Jury sworn in for FitzPatrick trial

The trial of former Anglo Irish Bank chairman Seán FitzPatrick has begun at Dublin Circuit Criminal Court, where he yesterday denied misleading the bank’s auditors about millions of euro in loans.

Jury sworn in for FitzPatrick trial

A specially enlarged jury panel of 15 has been sworn for the trial, which is expected to run for three months.

Mr FitzPatrick (68) of Whitshed Road, Greystones, Co Wicklow, is accused of failing to disclose to the bank’s auditor, Ernst and Young, the details of loans of up to €119 million which he received from Anglo between November 2002 and February 2008.

He pleaded not guilty to 27 offences under the 1990 Companies Act. These include 22 charges of making a misleading, false, or deceptive statement to auditors and five charges of furnishing false information in the years 2002 to 2007.

The prosecution intends to call 75 witnesses, including Matt Moran and Tiarnan O’Mahoney, who worked at the now-defunct bank.

Alan Dukes, the former chairman of Anglo’s successor bank IBRC, will also be called.
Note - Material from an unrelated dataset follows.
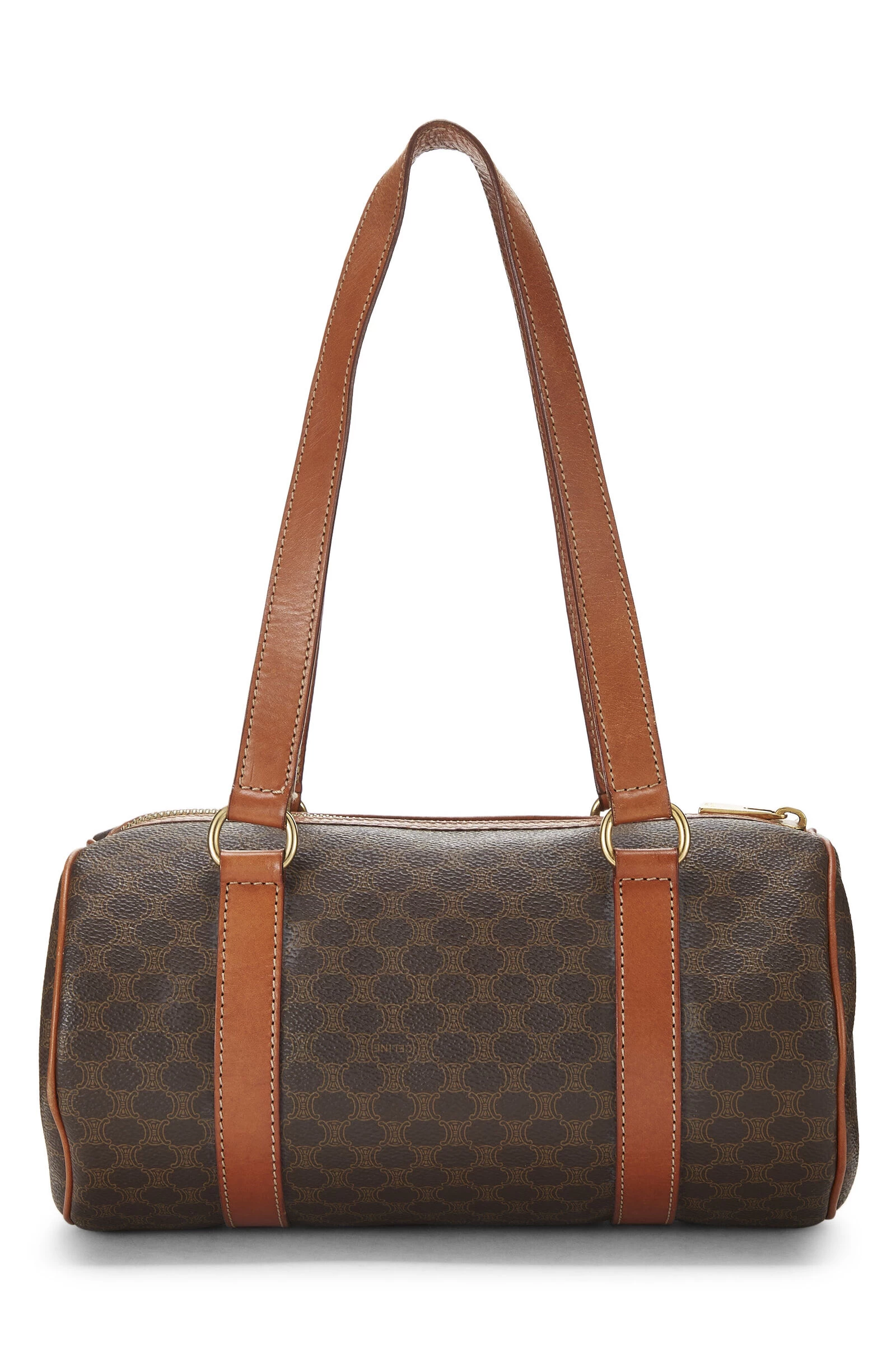 This chic CΓ©line bag is ready to be your newest obsession. Rendered in brown coated canvas featuring the classic Macadam pattern throughout, the bag includes a near-tonal brown leather trim and a spacious leather-lined interior with enough room to house everything you may need for a night out on the town.
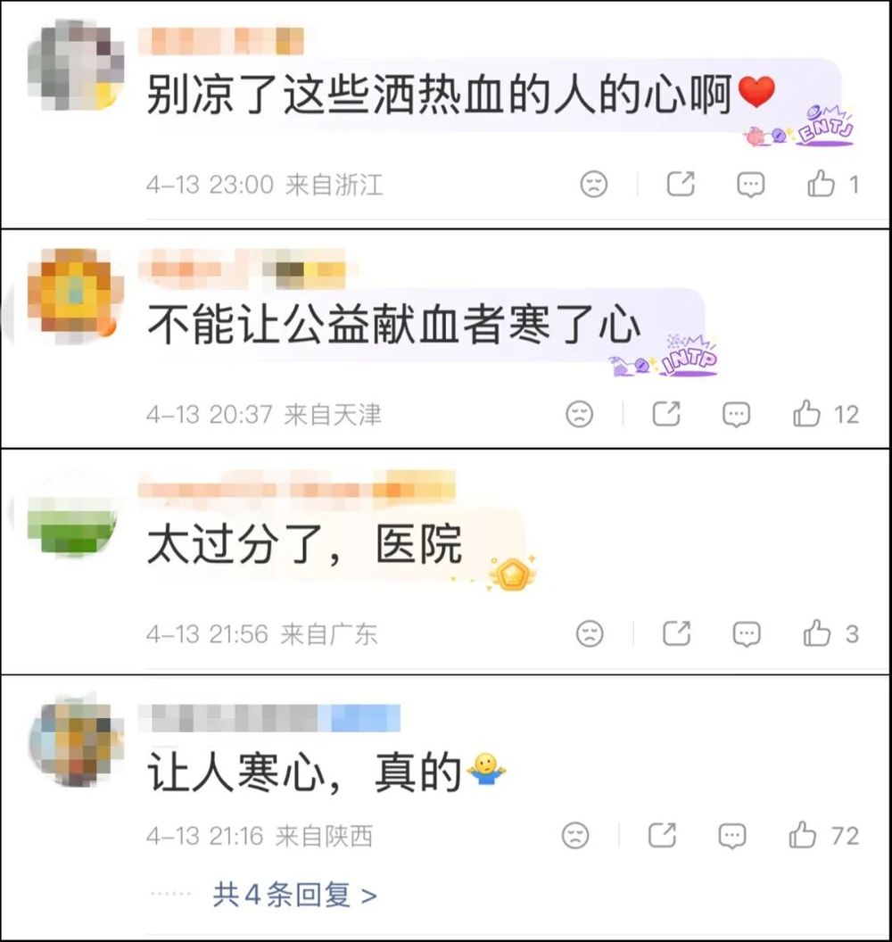 有網(wǎng)友說(shuō):不能讓獻(xiàn)血者寒了心;

In addition to the usual exclusions, potential jurors were told they must not serve if they were affected by the banking crisis or have expressed any views on it on social media or any other public forum.

They were also told they should not serve if they are a member of any protest group, including anti-austerity groups.

Banking sector employees and shareholders were also excluded.

One woman was excused from serving after telling the court she is “decidely not neutral when it comes to bankers”.

Another man indicated that he was willing to cancel an upcoming holiday to serve but he was objected to by the defence.

The defence challenged eight potential jurors in total while the prosecution challenged four.

Counsel are allowed to challenge up to eight jurors each without giving a reason. Another 72 were excused for various reasons before a final jury of eight women and seven men was sworn in.

Judge Aylmer told jurors they must not seek out information on the trial outside of the court.

“We’re all aware of the availability to everyone of the internet, newspapers, or social media,” he said.

He also asked the the jurors not to discuss the case with family or friends.

The case should finish by Christmas and may take less than the three-month estimate. The jury will next return on Monday, before being sent away for two weeks while legal arguments take place.